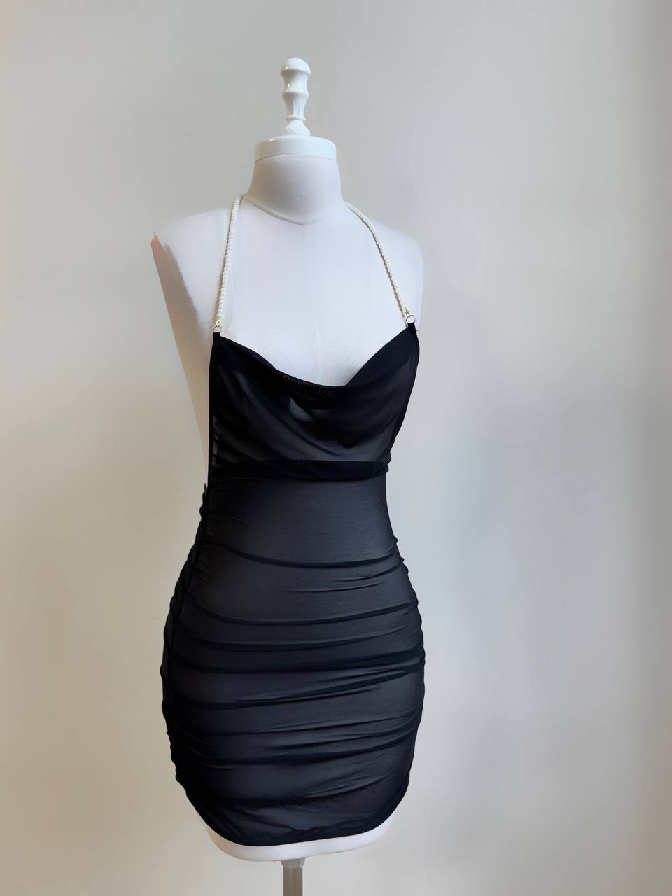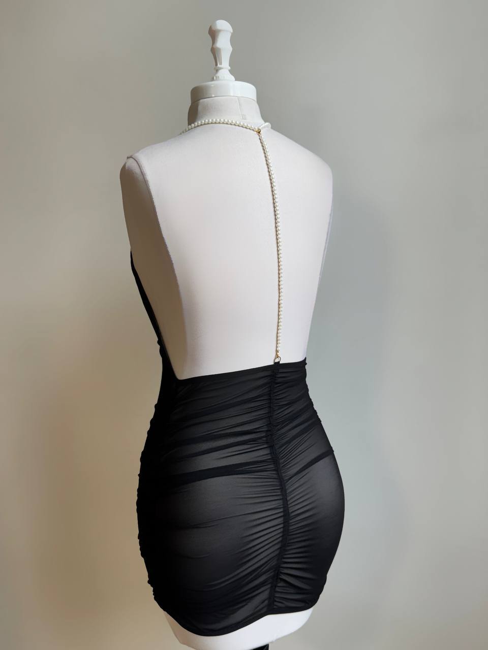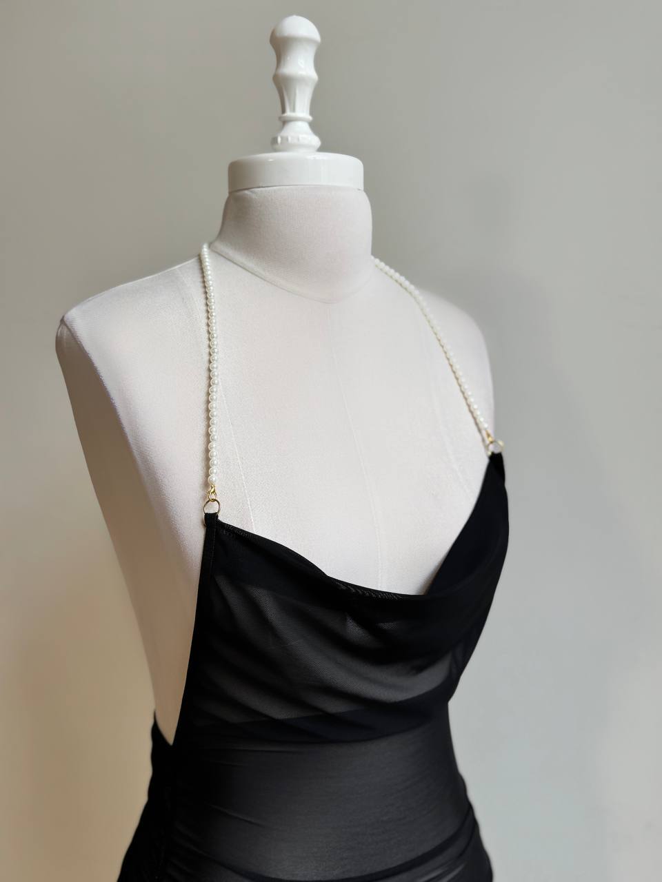 مدل یقه شل، بند سرشانه تا پشت کمر مرواریدی، پشت باز
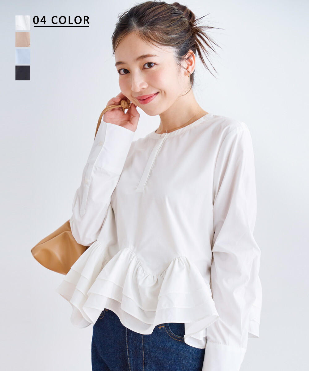 ティアードフリルブラウス |ブラウス トップス フレア フリル フリルブラウス 重ね着 ベーシック 長袖 レイヤード 日焼け対策 冷房対策 ダブルカラー カラーブラウス 【宅配便】(予約9月21日~25日以内順次発送)
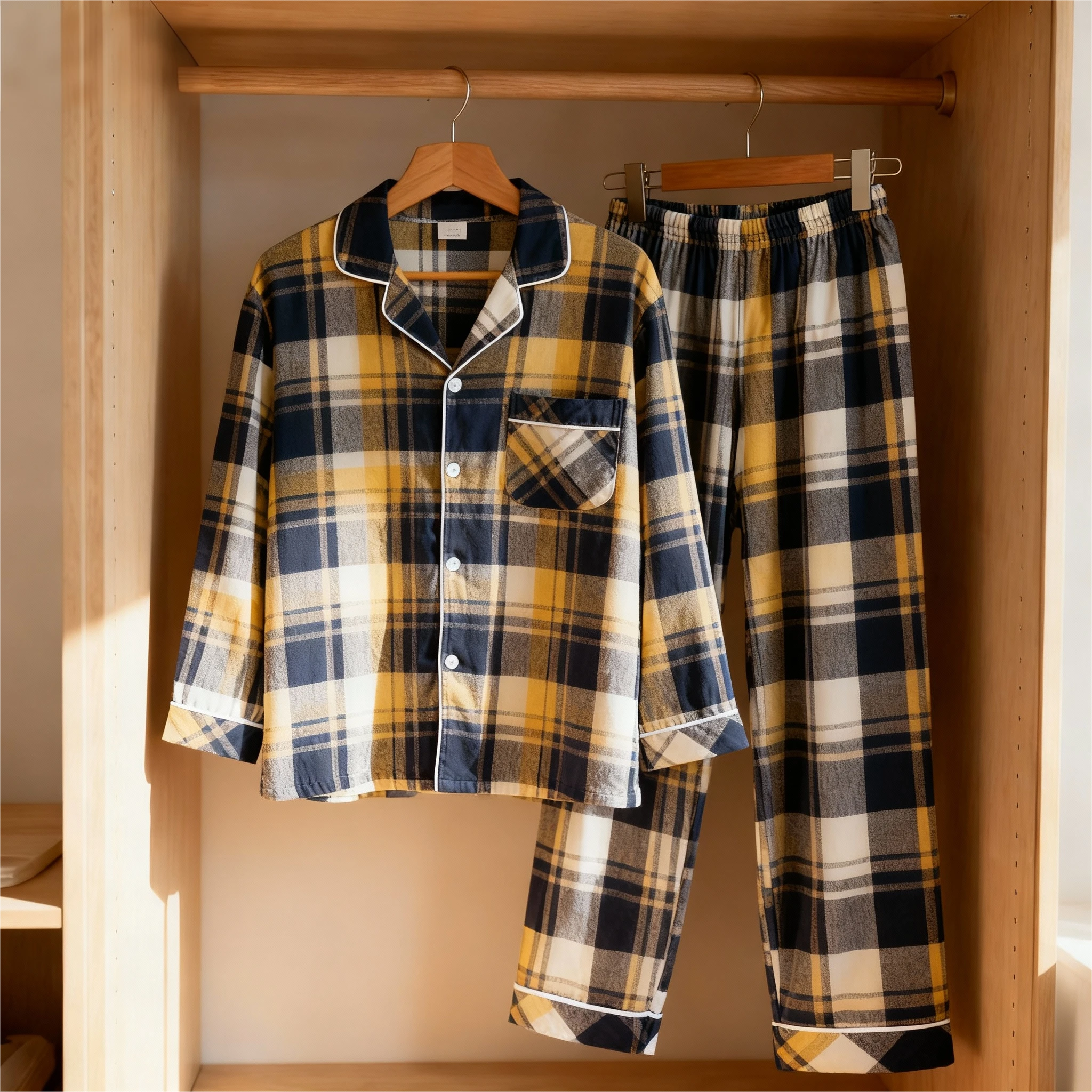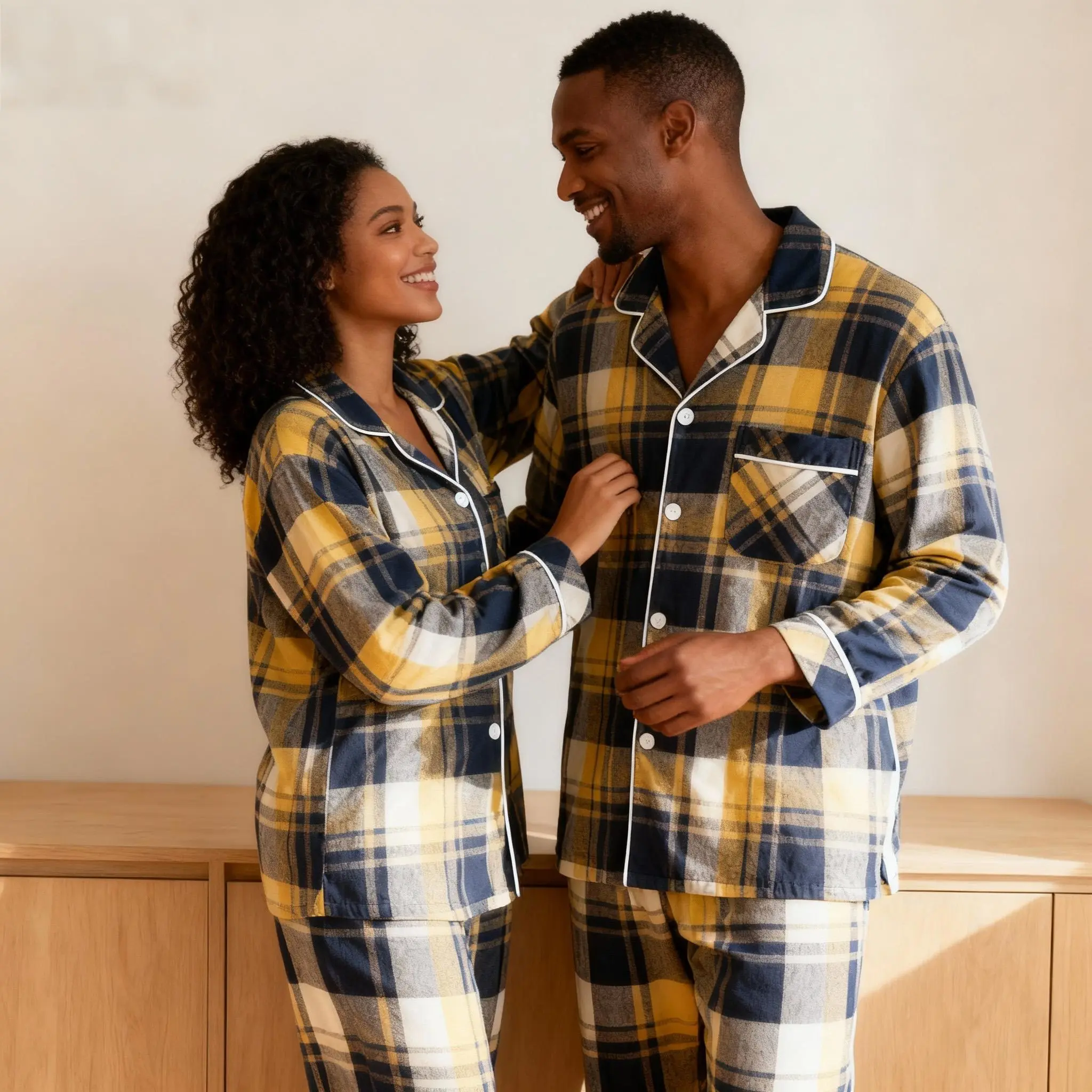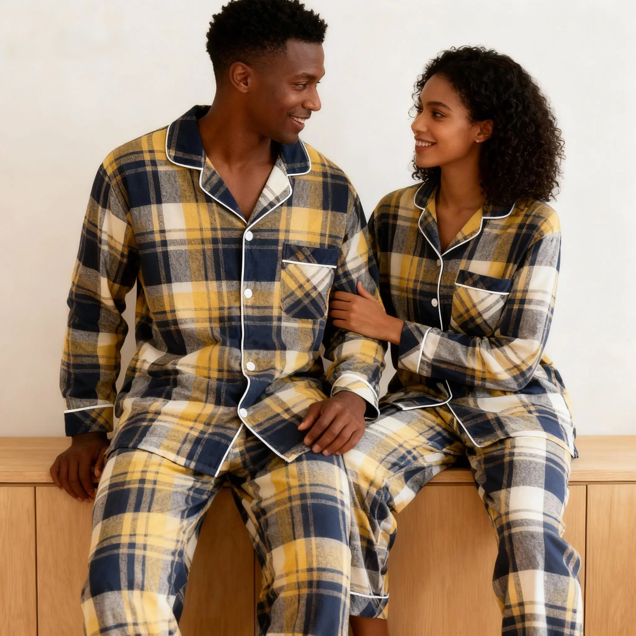 Matching Christmas Yellow and Blue Plaid Button Up Family Pajamas Sets
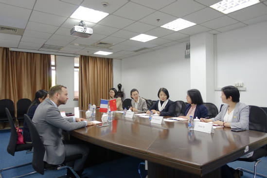 上海财经大学临港合作办公室主任陈选娟、国际交流与合作处副处长于洪和商学院iMBA项目主任陈晰陪同会见。
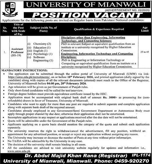 Only male candidates can apply for the University of Mianwali Jobs. Qualification /Experience Required: PhD in a relevant Subject or equivalent qualification from an institute or a university recognized by the Higher Education Commission. Engineering, Information Technology, and Computing Disciplines: PhD in Engineering, Information Technology, or Computing, or equivalent qualification from an institute or a university recognized by the Higher Education Commission, and more experienced candidates should apply before 18 February 2026.
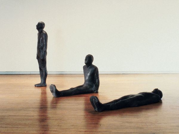 Curator: Immediately, I’m struck by the abject forms and muted color of these lead figures. They feel heavy, both literally and figuratively. Editor: Indeed. The artist, Antony Gormley, calls this work "Three Ways: Mould, Hole and Passage." The materiality of lead is significant here, its weightiness and association with industrial processes emphasize the labor involved in their creation. Curator: And they evoke a sense of vulnerability, don't they? Especially considering Gormley's broader explorations of the body in relation to space and being. They speak to the experiences of alienation and objectification that many marginalized bodies have historically experienced. Editor: It's fascinating how the artist uses the industrial material to create forms that echo universal human experiences of being, while also questioning the mass production that shapes our identities. Curator: It’s a potent commentary on the human condition, rendered through a critical lens on material and making. Editor: Yes, a compelling intersection of form, material, and the politics of embodiment.
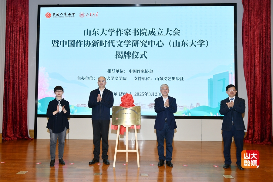 吴义勤、李术才、山东文艺出版社社长徐迪南,作家书院经理、beats365唯一官方网站经理黄发有共同为BEAT365英国官网网站作家书院和中国作家协会新时代文学研究中心(BEAT365英国官网网站)揭牌。李术才为作家书院负责人及咨询委员会成员颁发聘书,吴义勤为新时代文学研究中心负责人颁发聘书。
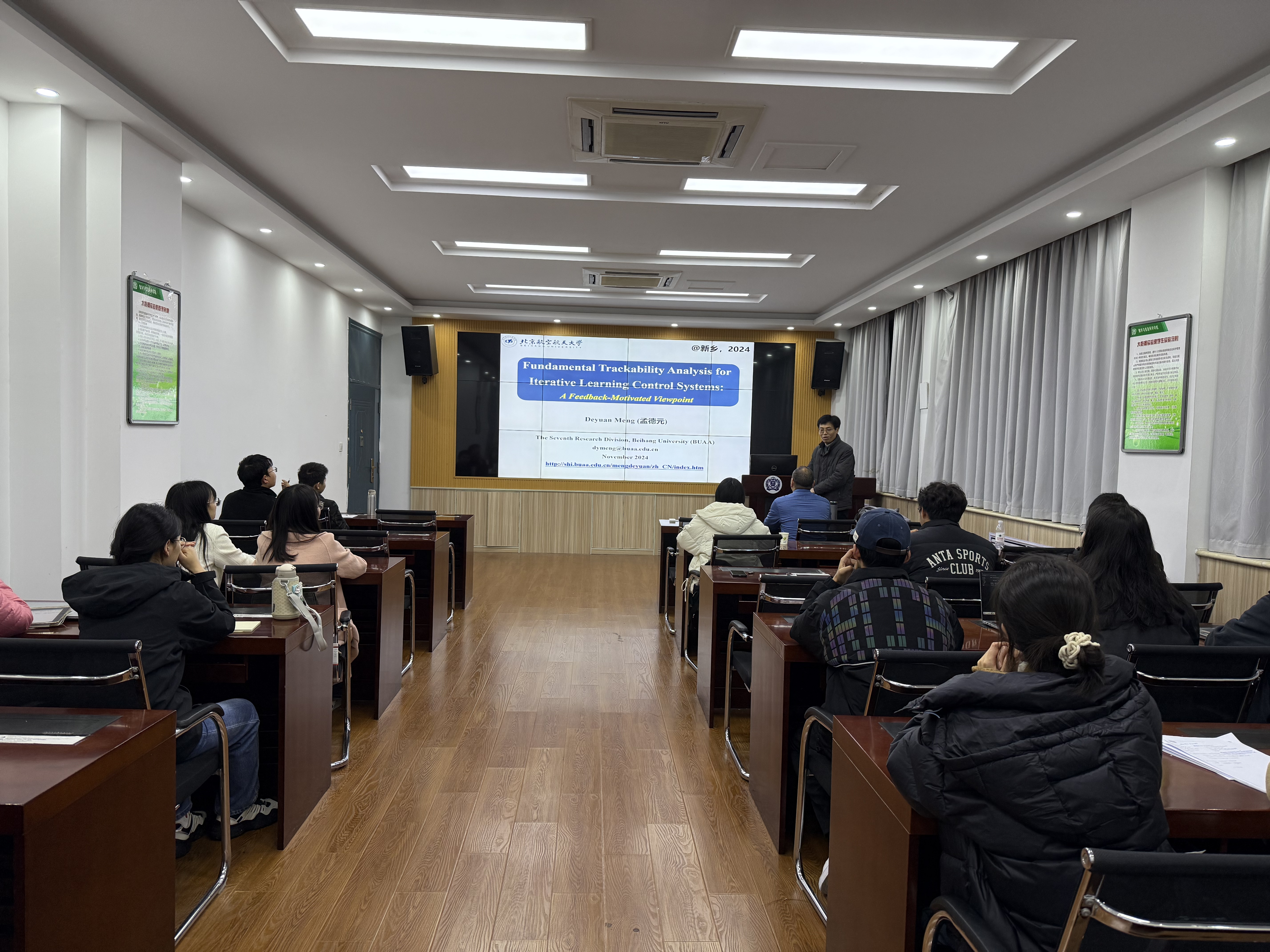 11月15日,应数学与统计学院邀请,北京航空航天大学孟德元教授做客“牧野格致”讲堂为学院师生作题为“Fundamental Trackability Analysis for Iterative Learning Control Systems”的学术报告,数学与统计学院师生共二十余人参加此次报告。报告由数学与统计学院李钧涛主持。 孟德元教授深入阐述了迭代学习控制(ILC)系统的背景,并重点探讨了ILC的一些基本问题。在此基础上,他提出了若干基于反馈的ILC设计与分析方法,以拓展ILC的应用范围。首先,他研究了ILC的可跟踪性特性,旨在揭示完美跟踪任务的可实施性。通过探讨可跟踪性与可控性的等价关系,引入了状态反馈设计思路,制定出实现完美跟踪的ILC更新法则。 随后,孟教授通过将完美跟踪问题与状态观测问题关联起来,进一步利用观测器设计思路,探索了另一种ILC更新法则。依据该法则,不仅可以实现完美跟踪任务,还能直接揭示ILC系统的可学习特性。这两种基于反馈的ILC更新法则适用于任何线性ILC系统,并且在某些特定设计条件下,能够确保其在有限次迭代后收敛。 最后,孟教授提出了一种在控制与数学之间建立双向关系的途径。例如,基于反馈的ILC方法被用于开发一些线性代数方程的迭代求解方法。这种方法展示了ILC在控制理论与数学方法中的广泛应用潜力。报告结束后,孟教授就数据驱动迭代学习控制的发展前景等相关问题与台下师生展开深入的讨论和交流。孟教授的报告内容丰富,使参会师生对数据驱动迭代学习控制理论有了深刻的认识。 专家简介: 孟德元,北京航空航天大学自动化科学与电器工程学院教授,博士生导师、国家优秀青年科学基金获得者。主要研究方向为数据驱动控制、学习与自适应控制、网络系统控制等。在IEEE TAC、Automatica等国际知名期刊发表SCI论文100余篇。担任中国自动化学会数据驱动控制、学习与优化专业委员会委员、副秘书长,International Journal of Systems Science、International Journal of Control, Automation, and Systems等期刊的Associate Editor。 (数学与统计学院 沈志萍) |

▶ What to produce
In the records above, find the line with "上海财经大学临港合作办公室主". Print exactly from there through the line with "吴义勤、李术才、山东文艺出版", minus the pictures.

▶ Problem solution
 上海财经大学临港合作办公室主任陈选娟、国际交流与合作处副处长于洪和商学院iMBA项目主任陈晰陪同会见。
 Only male candidates can apply for the University of Mianwali Jobs. Qualification /Experience Required: PhD in a relevant Subject or equivalent qualification from an institute or a university recognized by the Higher Education Commission. Engineering, Information Technology, and Computing Disciplines: PhD in Engineering, Information Technology, or Computing, or equivalent qualification from an institute or a university recognized by the Higher Education Commission, and more experienced candidates should apply before 18 February 2026.
 Curator: Immediately, I’m struck by the abject forms and muted color of these lead figures. They feel heavy, both literally and figuratively. Editor: Indeed. The artist, Antony Gormley, calls this work "Three Ways: Mould, Hole and Passage." The materiality of lead is significant here, its weightiness and association with industrial processes emphasize the labor involved in their creation. Curator: And they evoke a sense of vulnerability, don't they? Especially considering Gormley's broader explorations of the body in relation to space and being. They speak to the experiences of alienation and objectification that many marginalized bodies have historically experienced. Editor: It's fascinating how the artist uses the industrial material to create forms that echo universal human experiences of being, while also questioning the mass production that shapes our identities. Curator: It’s a potent commentary on the human condition, rendered through a critical lens on material and making. Editor: Yes, a compelling intersection of form, material, and the politics of embodiment.
 吴义勤、李术才、山东文艺出版社社长徐迪南,作家书院经理、beats365唯一官方网站经理黄发有共同为BEAT365英国官网网站作家书院和中国作家协会新时代文学研究中心(BEAT365英国官网网站)揭牌。李术才为作家书院负责人及咨询委员会成员颁发聘书,吴义勤为新时代文学研究中心负责人颁发聘书。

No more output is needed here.